I also had an email chat with Thomas Widmann at SLD about the font used for the DSL website. Apparently this doesn’t include IPA characters which is causing the ‘pronunciation’ field to display inconsistently (i.e. the letters that the font does include are in the font and the ones it doesn’t are in the computer’s default sans serif font). On My PC the different in character size is minimal but I think it looks worse on Thomas’s computer. We discussed possible solutions, the easiest of which would be to simply ensure that the ‘pronunciation’ field is fully displayed in the default sans serif font. He said he’d get back to me about this. I also gave a little bit of WordPress help to Maria Economou in HATII, who had an issue with a drop-down menu not working in iOS. We upgraded her theme to one that supported responsive menus and fixed that issue pretty quickly.

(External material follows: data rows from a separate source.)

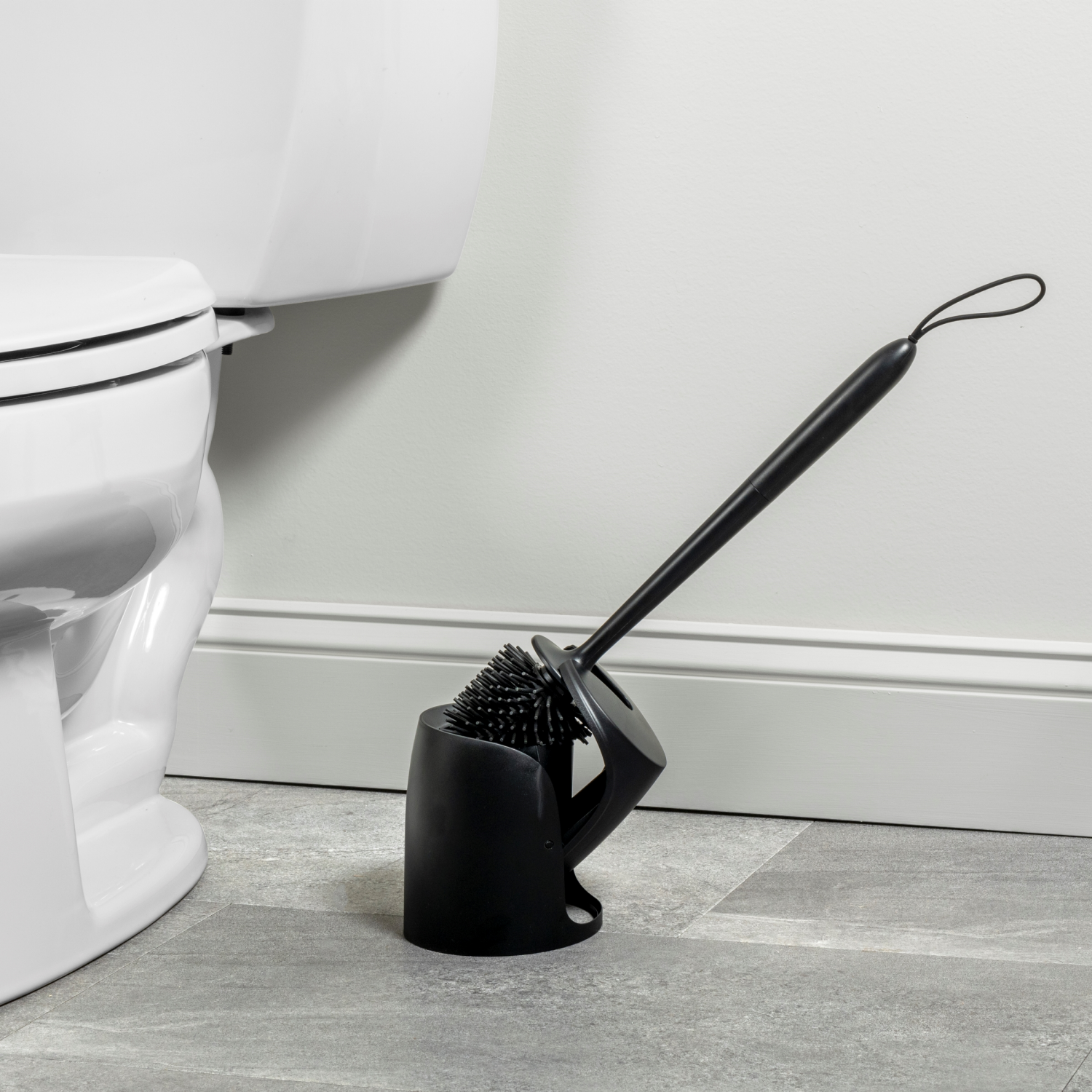 Zenna Home Toilet Bowl Brush Holder with Self-Closing Lid, Black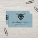 Tons azuis pastel simples e elegantes dão efeito de textura de linen, modelo de cartão de negócios totalmente personalizável. Sotaque floral preto. Ênfase de fonte rosa sugerida. Disponível em outros produtos.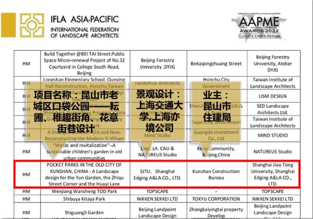 IFLA AAPME Awards是由国际风景园林师联合会IFLA亚太地区与IFLA非洲和中东地区合作组织的一项国际性设计奖项。2022年该奖项主题为“气候危机设计”,共设有文化和传统、经济活力、洪水和水资源管理、自然灾害和极端天气、能源和碳减排、社会和社区健康、分析和规划等10个类别奖项。

I also met with Fraser and Marc on Friday to discuss the new Historical Thesaurus data that we had received from the OED people. We are going to want to incorporate words and dates from this data into our database, which is going to involve several potentially tricky stages. The OED data is in XML and as I mentioned in a previous week there is no obvious ID that can be used to link their data to ours. Thankfully during the SAMUELS project someone had figured out how to take data in one of our columns and rework it so it matches up with the OED category IDs. My first step will be to extract the OED data from XML and convert it into a format similar to our structure and then create a script that will allow categories in the two datasets to be aligned. After that we’ll need to compare the contents of the categories (i.e. the words) and work out which are new ones plus which dates don’t match up. It’s going to be a fairly tricky process but it should be fun. On Friday afternoon I decided to up the HT database to remove all of the unnecessary backup tables that I had created over the years. I did a dump of the database before I did this in case I messed up. It turns out I did mess up as I accidentally deleted the ‘lexeme_search_terms’ table, which broke the HT search facility. I then discovered that my SQL dump was incomplete and had quit downloading mid-way through without telling me. Thankfully Chris managed to get the database from a backup file and I’ve reinstated the required table, but it was a rather stressful way to end the week!